Prior to the Secret Invasion, Madcap encounters Deadpool, and in the midst of an altercation with Daredevil and Thor, Thor's lightning reduces the two to ash. Though it initially seems that only Deadpool regenerates and survives, he eventually realizes the two actually regenerated as one being, with Madcap becoming one of the "voices" within Deadpool's head. After Madcap's personality asserts itself sufficiently to use his own powers in a later altercation with Thor and Luke Cage, Deadpool convinces Madcap to manipulate the two affected heroes into tearing Deadpool's body in half, with one half regenerating fully as Deadpool, and the other as Madcap.

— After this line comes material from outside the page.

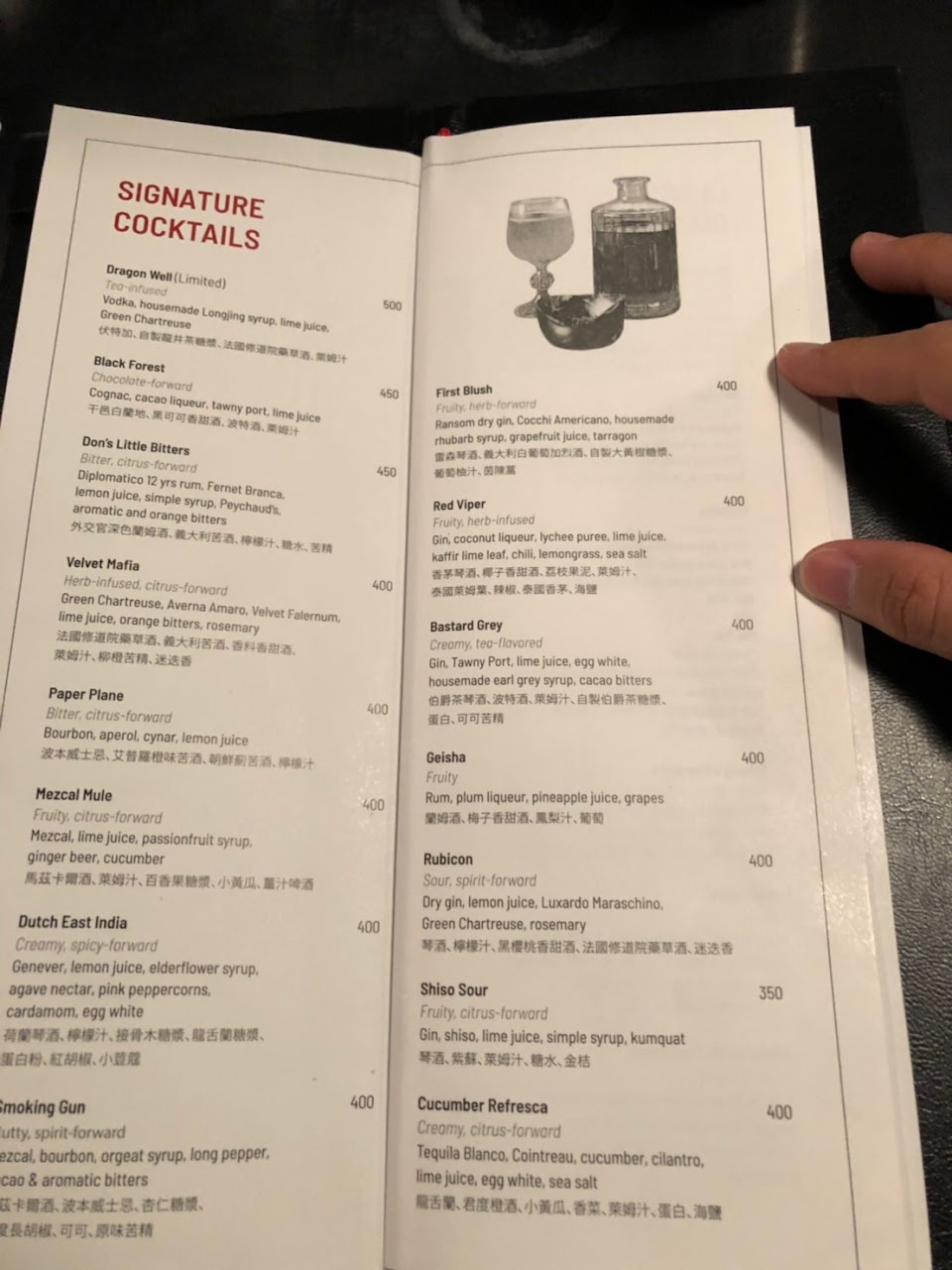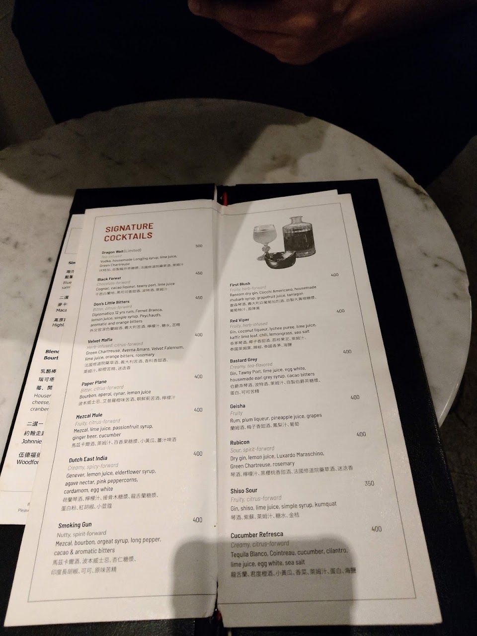 晚上九點過後就只有提供今日限定的四種調酒??,我們今天嘗試了三種(神息、灰色派對、光馬丁尼),點了一份雞米花(360元),不過覺得實話有點小份,但是酒吧的環境說實話還不錯,並不會讓衣服有一些Bar的菸酒味,整體來說是一間還算有質感的Bar。調酒本身也滿不錯的。

Eight months after the events of Secret Wars, Madcap is revealed to have been psychologically damaged even further by his fusion with and separation from Deadpool. When Deadpool founds the Mercs for Money, Madcap infiltrates the team, feigning benevolence and incompetence. Madcap begins impersonating Deadpool, attacking his allies and using his powers to incite violence throughout New York City in Deadpool's name. Upon discovering that Madcap was responsible for the chaos, Deadpool lured him out by using his own daughter, Ellie, as bait, and confronted Madcap alongside Masacre, the Deadpool of Mexico. Madcap gains the upper hand in the brawl, which ends with him using Deadpool's molecular disintegrator on himself.

Madcap resurfaces during Civil War II as a parasitic entity and forces his human host to act against Deadpool. After luring Deadpool to the Central Park Zoo, Madcap and his host infect him with a stolen virus that Deadpool begins unknowingly spreading across New York City. Deadpool acquires a cure to the virus and locates Madcap, whose host is revealed to be Bob, Agent of Hydra. When Deadpool infers that everything that Madcap remembers about his past is a lie, an enraged Madcap detaches from Bob to attack him, and proceeds to escape under the cover of an explosion while swearing further revenge on Deadpool.

After Madcap nearly ruins his Valentine's Day, Deadpool ventures into space in search of a weapon that can permanently kill the villain, and while there he strikes a bargain with the Collector, who agrees to imprison Madcap in his museum. When Madcap seeks him out, Deadpool successfully ensnares "the indestructible clown" for the Collector. As Madcap is hauled away, Deadpool realizes that the victory is a hollow one after Madcap gloats that he no longer cares about ruining Deadpool's life, as Deadpool's recent dealings with Stryfe and Hydra have already accomplished that for him.

During the "One World Under Doom" storyline, Madcap joins the Mad Thinker's incarnation of the Masters of Evil and assists them in invading the Impossible City. Captain America decapitates Madcap and uses his head's psychotic gaze to subdue Mister Hyde. After Mad Thinker is defeated by the Avengers, Madcap's body tries to drop the Ashen Combine's prison on Earth, only to be taken down by Captain America's shield.

==Powers and abilities==
Madcap possesses two superpowers as a result of the mutagenic effects of his exposure to Compound X07:

- Madcap possesses a powerful healing factor that enables him to resurrect himself after being killed. He can mentally control his severed limbs. His rapid healing ability also gives him high endurance, as his body eliminates fatigue poisons and heals muscle damage caused by overexertion almost instantaneously.
- Madcap has a specialized form of insanity-inducement that is activated via eye contact. People affected by his power act in a euphoric, uninhibited manner that verges on or becomes insanity and can end up killing themselves.